⟨

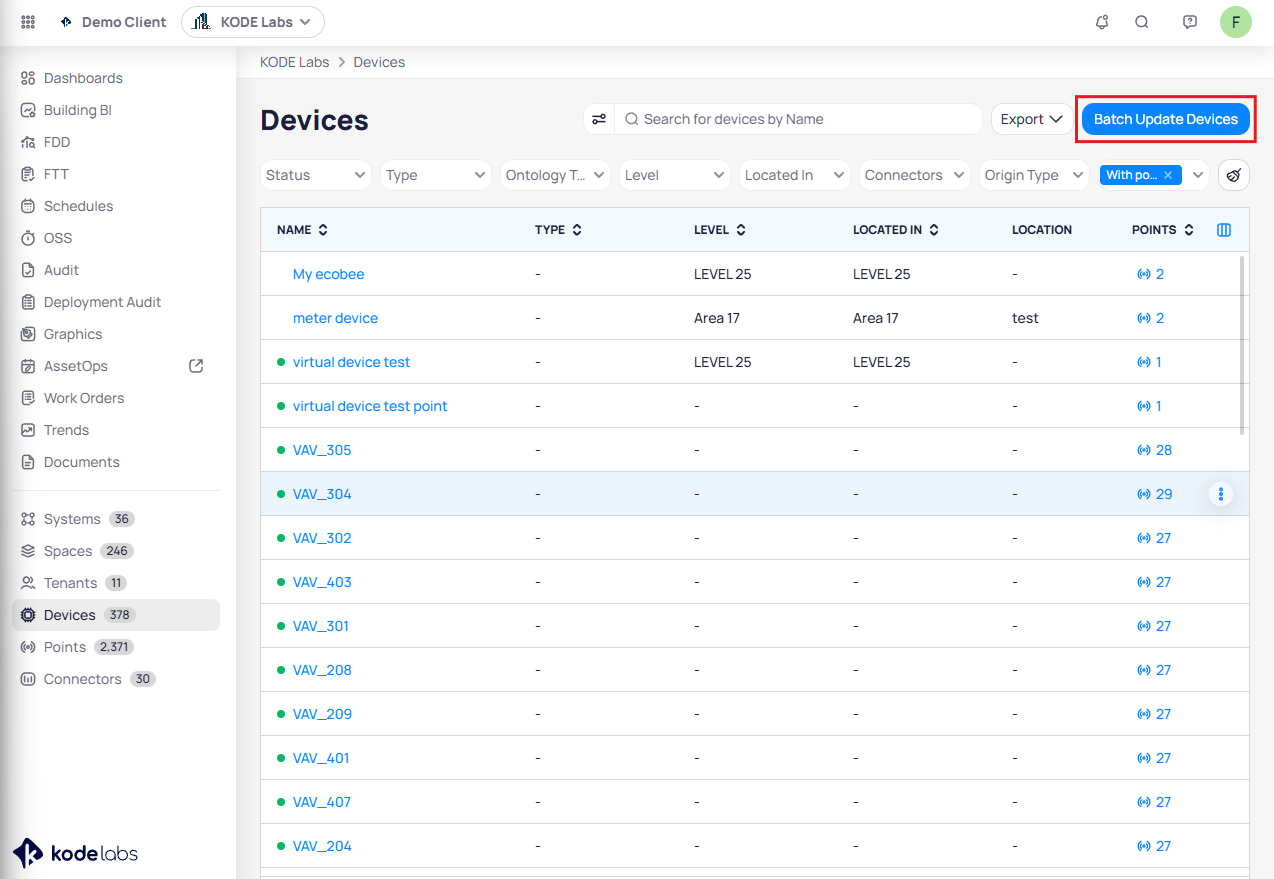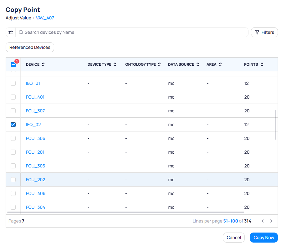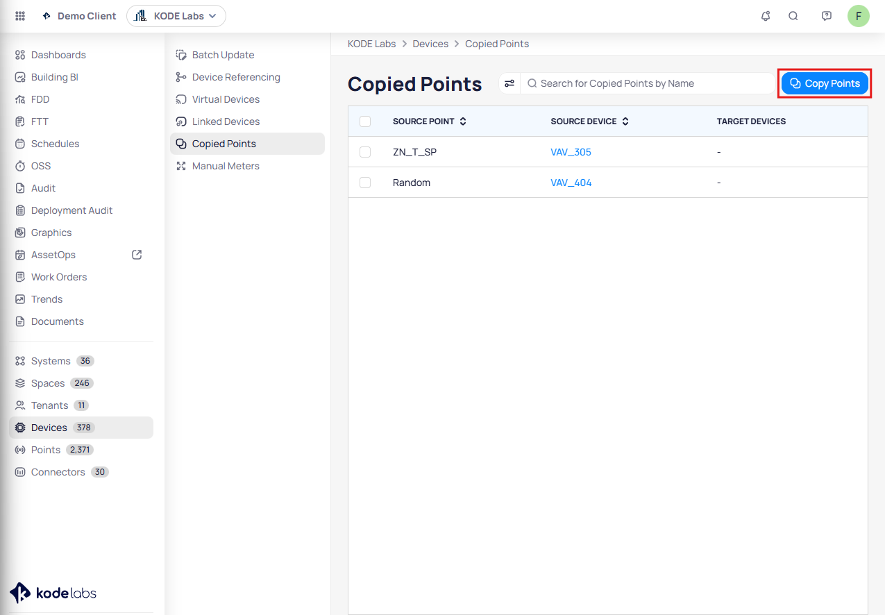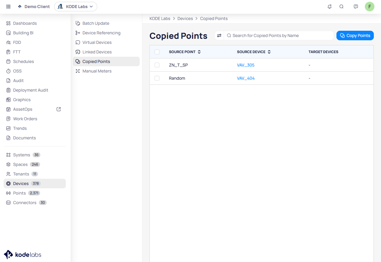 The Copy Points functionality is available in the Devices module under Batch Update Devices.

⟩
⟨

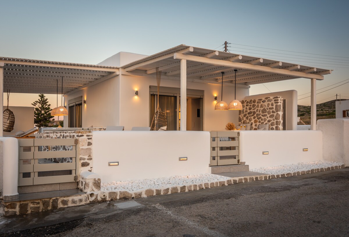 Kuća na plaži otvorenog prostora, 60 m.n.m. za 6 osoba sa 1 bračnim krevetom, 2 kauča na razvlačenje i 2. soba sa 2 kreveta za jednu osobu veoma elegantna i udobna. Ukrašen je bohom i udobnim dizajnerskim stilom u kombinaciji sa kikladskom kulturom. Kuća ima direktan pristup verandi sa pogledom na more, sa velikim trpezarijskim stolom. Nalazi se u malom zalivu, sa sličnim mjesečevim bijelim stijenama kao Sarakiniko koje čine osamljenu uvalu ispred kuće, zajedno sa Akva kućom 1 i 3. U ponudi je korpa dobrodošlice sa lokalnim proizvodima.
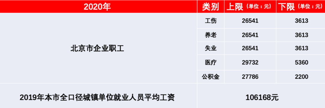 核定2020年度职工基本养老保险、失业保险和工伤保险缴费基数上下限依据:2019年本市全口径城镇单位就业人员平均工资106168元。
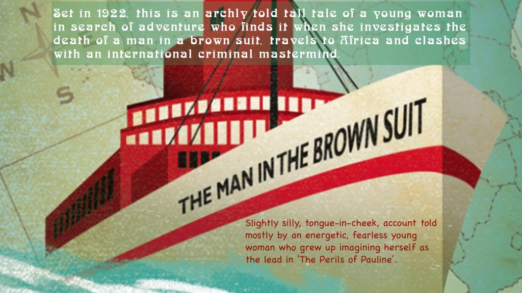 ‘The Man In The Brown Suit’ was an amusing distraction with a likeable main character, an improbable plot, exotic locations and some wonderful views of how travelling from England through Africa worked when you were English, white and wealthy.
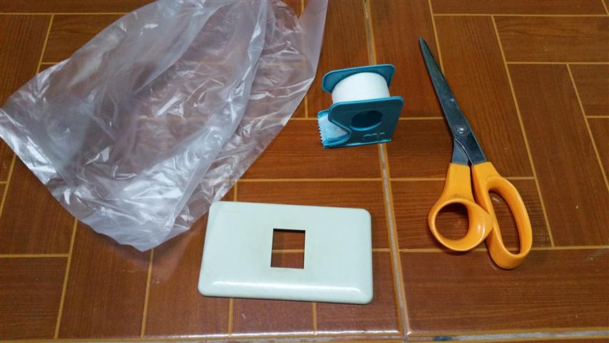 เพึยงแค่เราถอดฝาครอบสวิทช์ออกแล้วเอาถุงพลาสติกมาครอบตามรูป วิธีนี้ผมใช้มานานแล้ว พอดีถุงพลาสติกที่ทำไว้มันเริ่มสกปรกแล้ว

⟩
⟨

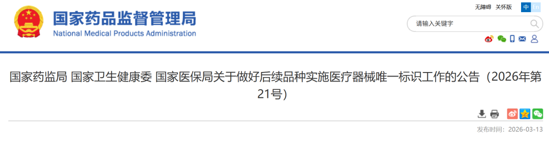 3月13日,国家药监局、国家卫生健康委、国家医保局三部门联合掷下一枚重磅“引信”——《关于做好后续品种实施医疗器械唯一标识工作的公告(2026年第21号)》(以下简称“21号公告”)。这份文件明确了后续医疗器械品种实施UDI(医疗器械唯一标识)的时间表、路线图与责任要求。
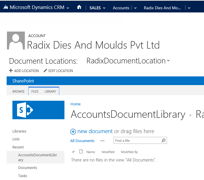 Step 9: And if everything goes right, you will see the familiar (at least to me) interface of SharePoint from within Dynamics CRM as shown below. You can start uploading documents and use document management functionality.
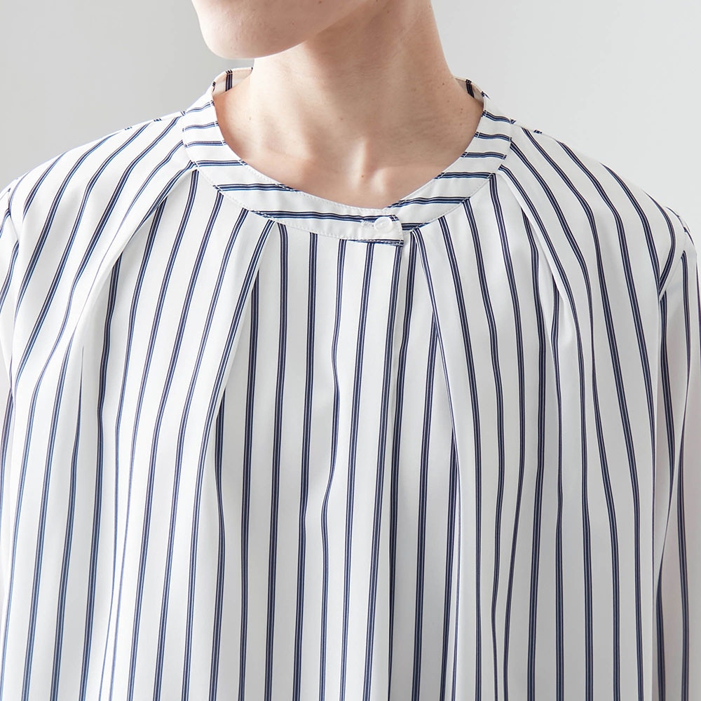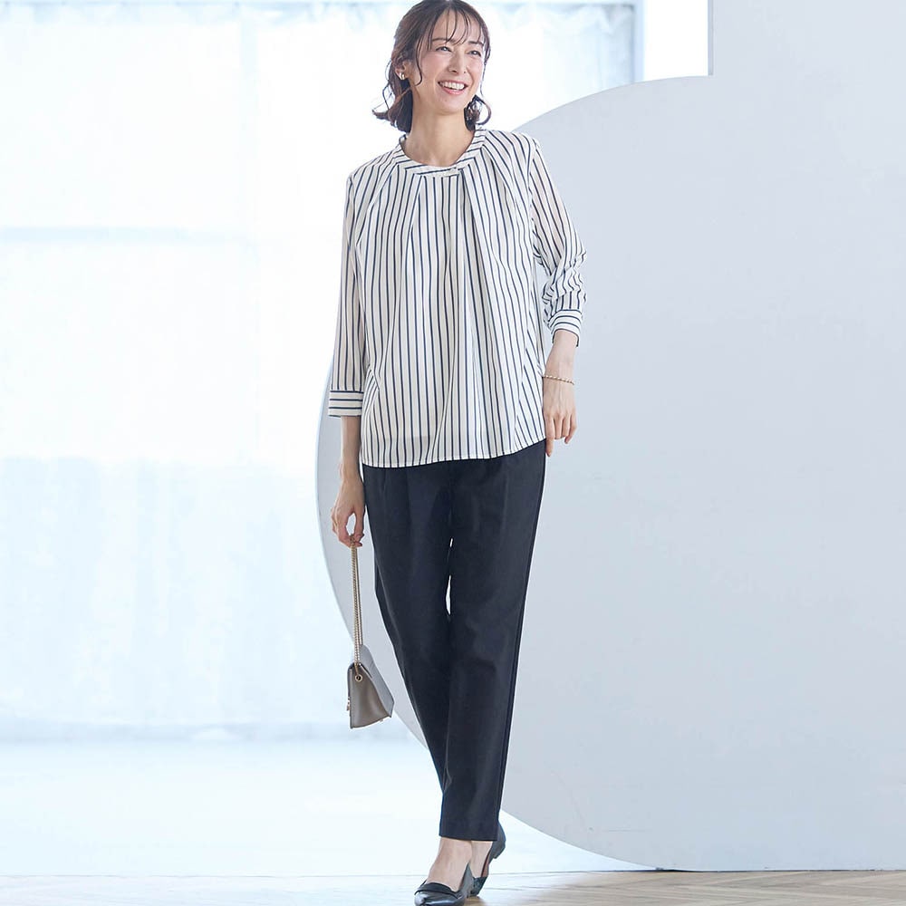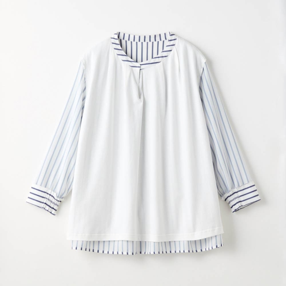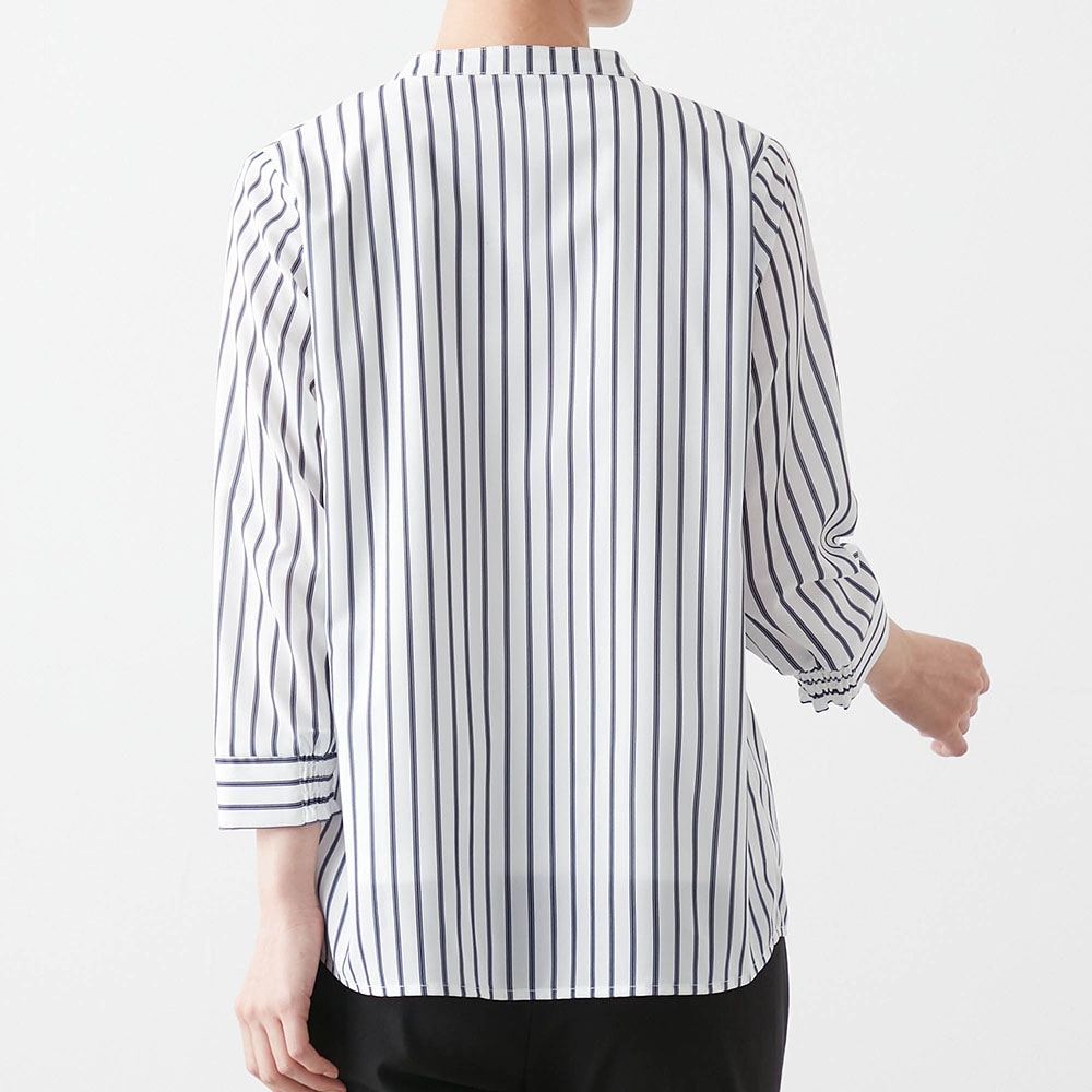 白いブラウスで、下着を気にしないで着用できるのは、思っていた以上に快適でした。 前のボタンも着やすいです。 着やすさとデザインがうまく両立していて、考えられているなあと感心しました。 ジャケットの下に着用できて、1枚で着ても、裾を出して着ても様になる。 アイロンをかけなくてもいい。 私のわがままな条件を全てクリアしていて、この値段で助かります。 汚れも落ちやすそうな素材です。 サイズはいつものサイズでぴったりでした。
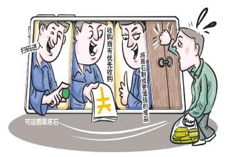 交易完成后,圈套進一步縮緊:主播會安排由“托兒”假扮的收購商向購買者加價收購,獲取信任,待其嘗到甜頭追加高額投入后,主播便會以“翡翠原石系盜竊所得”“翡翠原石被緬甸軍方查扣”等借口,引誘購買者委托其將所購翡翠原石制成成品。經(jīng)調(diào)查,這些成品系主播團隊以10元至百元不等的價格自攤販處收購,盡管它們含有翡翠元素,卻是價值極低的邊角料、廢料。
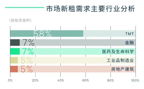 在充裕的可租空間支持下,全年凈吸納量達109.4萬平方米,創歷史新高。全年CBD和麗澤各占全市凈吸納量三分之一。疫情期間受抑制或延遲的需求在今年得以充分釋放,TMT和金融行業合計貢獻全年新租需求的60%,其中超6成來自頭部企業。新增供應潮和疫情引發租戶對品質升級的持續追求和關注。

⟩

- _Directions for this task_
Among the entries above, locate the line with "3月13日,国家药监局、国家" and the line with "在充裕的可租空間支持下,全年". Give those two lines and all lines between them again, exactly, leaving out the pictures.

- _Result for this task_
 3月13日,国家药监局、国家卫生健康委、国家医保局三部门联合掷下一枚重磅“引信”——《关于做好后续品种实施医疗器械唯一标识工作的公告(2026年第21号)》(以下简称“21号公告”)。这份文件明确了后续医疗器械品种实施UDI(医疗器械唯一标识)的时间表、路线图与责任要求。
 Step 9: And if everything goes right, you will see the familiar (at least to me) interface of SharePoint from within Dynamics CRM as shown below. You can start uploading documents and use document management functionality.
 白いブラウスで、下着を気にしないで着用できるのは、思っていた以上に快適でした。 前のボタンも着やすいです。 着やすさとデザインがうまく両立していて、考えられているなあと感心しました。 ジャケットの下に着用できて、1枚で着ても、裾を出して着ても様になる。 アイロンをかけなくてもいい。 私のわがままな条件を全てクリアしていて、この値段で助かります。 汚れも落ちやすそうな素材です。 サイズはいつものサイズでぴったりでした。
 交易完成后,圈套進一步縮緊:主播會安排由“托兒”假扮的收購商向購買者加價收購,獲取信任,待其嘗到甜頭追加高額投入后,主播便會以“翡翠原石系盜竊所得”“翡翠原石被緬甸軍方查扣”等借口,引誘購買者委托其將所購翡翠原石制成成品。經(jīng)調(diào)查,這些成品系主播團隊以10元至百元不等的價格自攤販處收購,盡管它們含有翡翠元素,卻是價值極低的邊角料、廢料。
 在充裕的可租空間支持下,全年凈吸納量達109.4萬平方米,創歷史新高。全年CBD和麗澤各占全市凈吸納量三分之一。疫情期間受抑制或延遲的需求在今年得以充分釋放,TMT和金融行業合計貢獻全年新租需求的60%,其中超6成來自頭部企業。新增供應潮和疫情引發租戶對品質升級的持續追求和關注。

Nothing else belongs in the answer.